Recorded data:

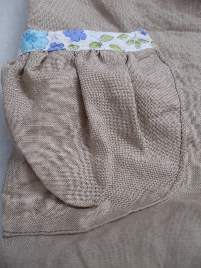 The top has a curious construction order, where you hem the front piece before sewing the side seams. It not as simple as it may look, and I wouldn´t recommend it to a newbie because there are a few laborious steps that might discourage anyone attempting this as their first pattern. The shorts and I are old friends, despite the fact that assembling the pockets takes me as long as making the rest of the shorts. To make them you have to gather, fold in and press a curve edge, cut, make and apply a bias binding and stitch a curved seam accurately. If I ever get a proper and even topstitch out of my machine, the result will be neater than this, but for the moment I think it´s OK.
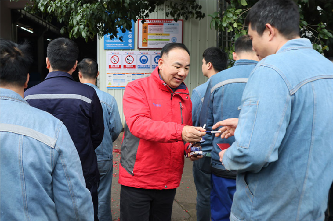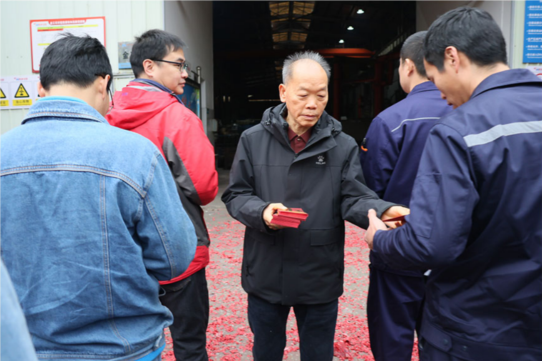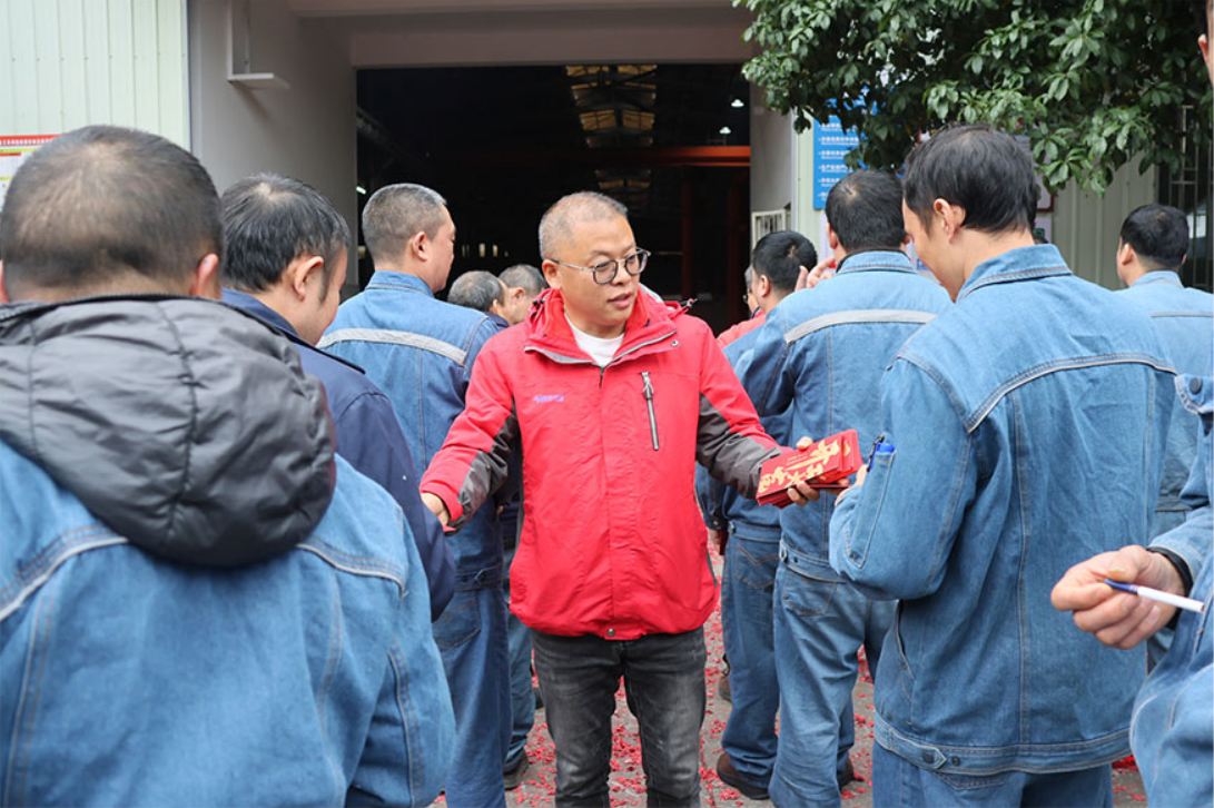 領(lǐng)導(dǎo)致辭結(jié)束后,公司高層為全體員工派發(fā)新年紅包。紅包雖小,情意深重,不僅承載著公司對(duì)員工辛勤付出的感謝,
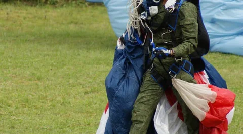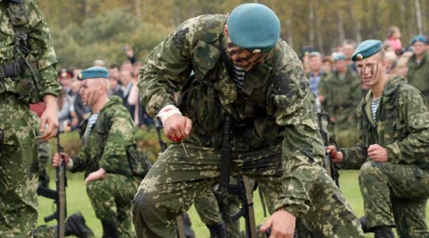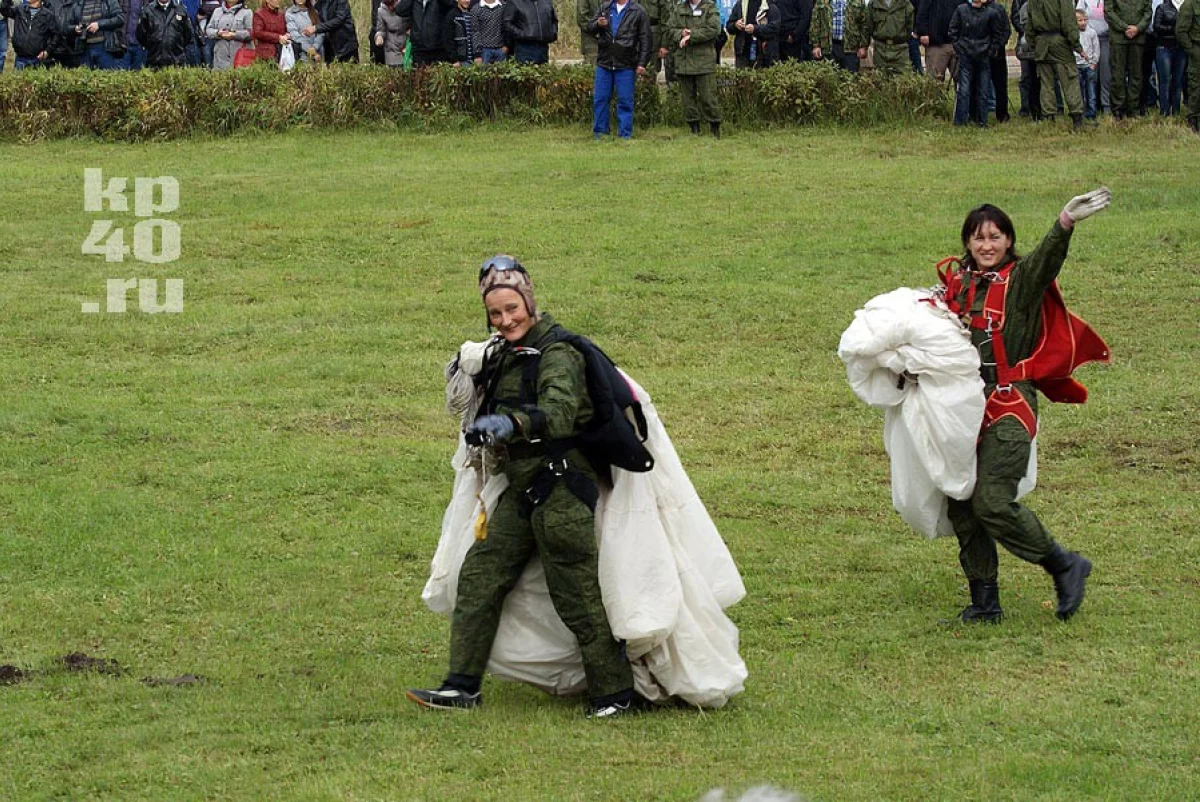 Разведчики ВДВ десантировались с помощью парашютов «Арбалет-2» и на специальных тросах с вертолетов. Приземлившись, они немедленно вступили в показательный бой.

What is needed:
Everything in the listing above is to be given again exactly, apart from the pictures.

Answer box:
 The top has a curious construction order, where you hem the front piece before sewing the side seams. It not as simple as it may look, and I wouldn´t recommend it to a newbie because there are a few laborious steps that might discourage anyone attempting this as their first pattern. The shorts and I are old friends, despite the fact that assembling the pockets takes me as long as making the rest of the shorts. To make them you have to gather, fold in and press a curve edge, cut, make and apply a bias binding and stitch a curved seam accurately. If I ever get a proper and even topstitch out of my machine, the result will be neater than this, but for the moment I think it´s OK.
 領(lǐng)導(dǎo)致辭結(jié)束后,公司高層為全體員工派發(fā)新年紅包。紅包雖小,情意深重,不僅承載著公司對(duì)員工辛勤付出的感謝,
 Разведчики ВДВ десантировались с помощью парашютов «Арбалет-2» и на специальных тросах с вертолетов. Приземлившись, они немедленно вступили в показательный бой.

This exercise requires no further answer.